▶ WORK TO COMPLETE: Your output should be the lines from the one with "2025年12月11日,数字" through the last line of the records below, exactly as written, minus the pictures.

▶ Collected data:
********************
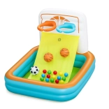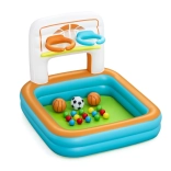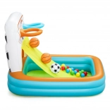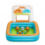 Nafukovacie hracie centrum Bestway Kick 'N Swish™ je ideálnou voľbou pre aktívnu zábavu vašich detí. Tento multifunkčný bazén kombinuje basketbalové koše s návratovou rampou, ktorá zabezpečuje hladký priebeh hry, a minibránku pre tréning striel na cieľ. Pripojte 15 farebných lôpt a premeňte bazén na farebný herný raj, kde si deti môžu hrať a relaxovať.
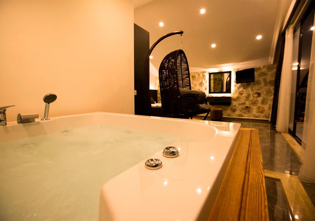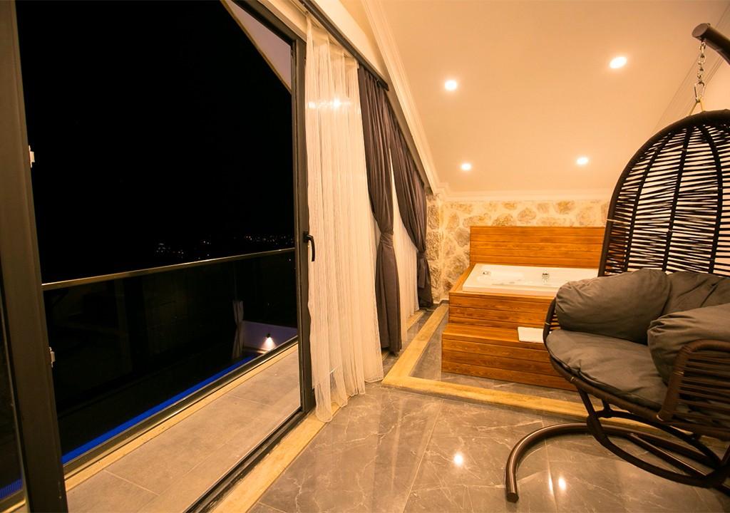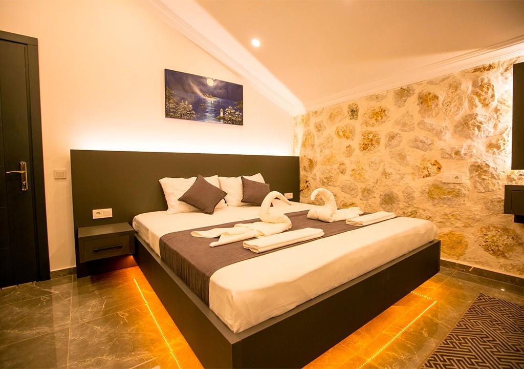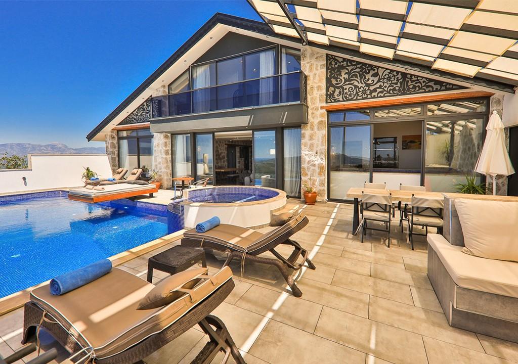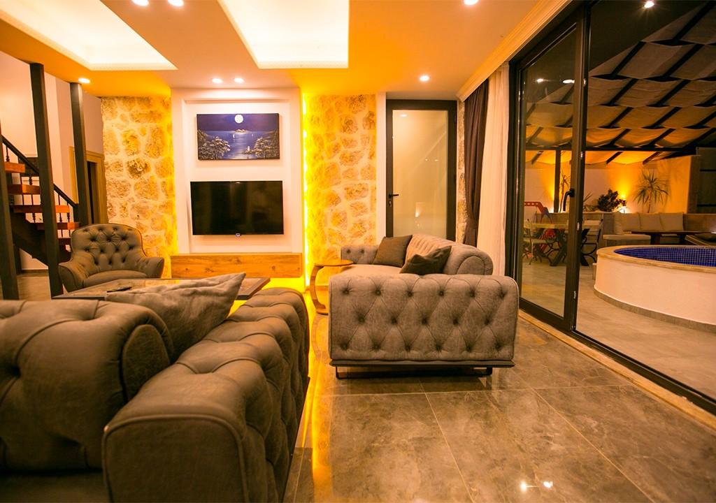 Villa, located in the village of Üzümlü in Kalkan, is a conservative villa with 2 bedrooms, blending with nature. Villa features a Children's Pool, a Wooden Sauna, and a Heated Indoor Jacuzzi Pool.
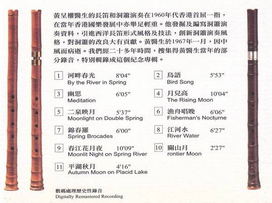 于此,我们可以见到黄呈权委实是花了很多心血去开拓洞箫的曲目的,在上文提及“空谷”那两张唱片,亦有这类由他亲自移植的箫曲,例如《水河淌水》,是他根据一首写给双簧管独奏的作品移植过来的。另一首《牧童》,本是内地音乐人锺义良为十一孔新笛写的曲子,黄医生改为洞箫曲。
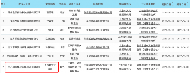 6月1日,中芯国际的科创板上市申报获得上交所受理,6月4日开始接受问询,6月7日给出了回复。6月19日下午,上海证券交易所科创板上市委2020年第47次审议会议结果出炉,同意中芯国际集成电路制造有限公司发行上市(首发)。
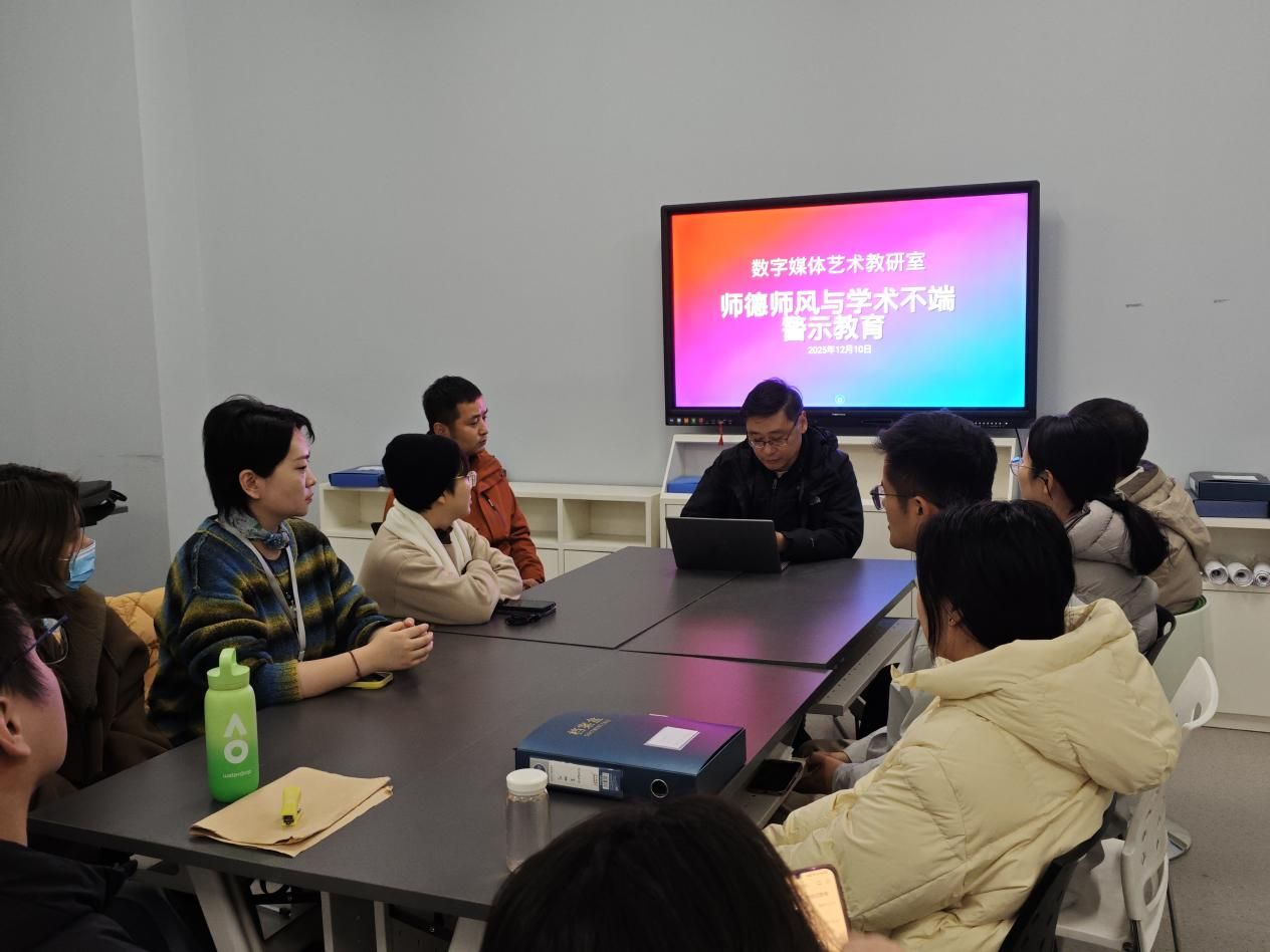 2025年12月11日,数字媒体艺术教研室于艺术楼 204教室召开师德师风与学术不端警示教育会。会议由教研室主任杨世英主持,专业全体教师参会。会议旨在强化师德师风建设,明确学术行为规范,防范学术不端,引导教师坚守教育初心与学术诚信,助力专业教学科研良性发展。
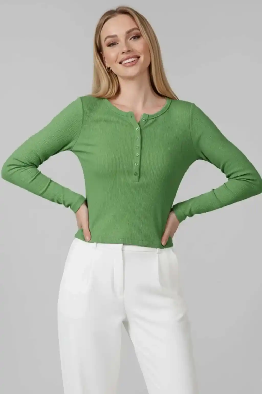 - Yeşil renk seçeneği ile dikkat çeken bluz, her bedene uyum sağlayacak şekilde tasarlanmıştır.
********************
▶ RESULT:
 2025年12月11日,数字媒体艺术教研室于艺术楼 204教室召开师德师风与学术不端警示教育会。会议由教研室主任杨世英主持,专业全体教师参会。会议旨在强化师德师风建设,明确学术行为规范,防范学术不端,引导教师坚守教育初心与学术诚信,助力专业教学科研良性发展。
 - Yeşil renk seçeneği ile dikkat çeken bluz, her bedene uyum sağlayacak şekilde tasarlanmıştır.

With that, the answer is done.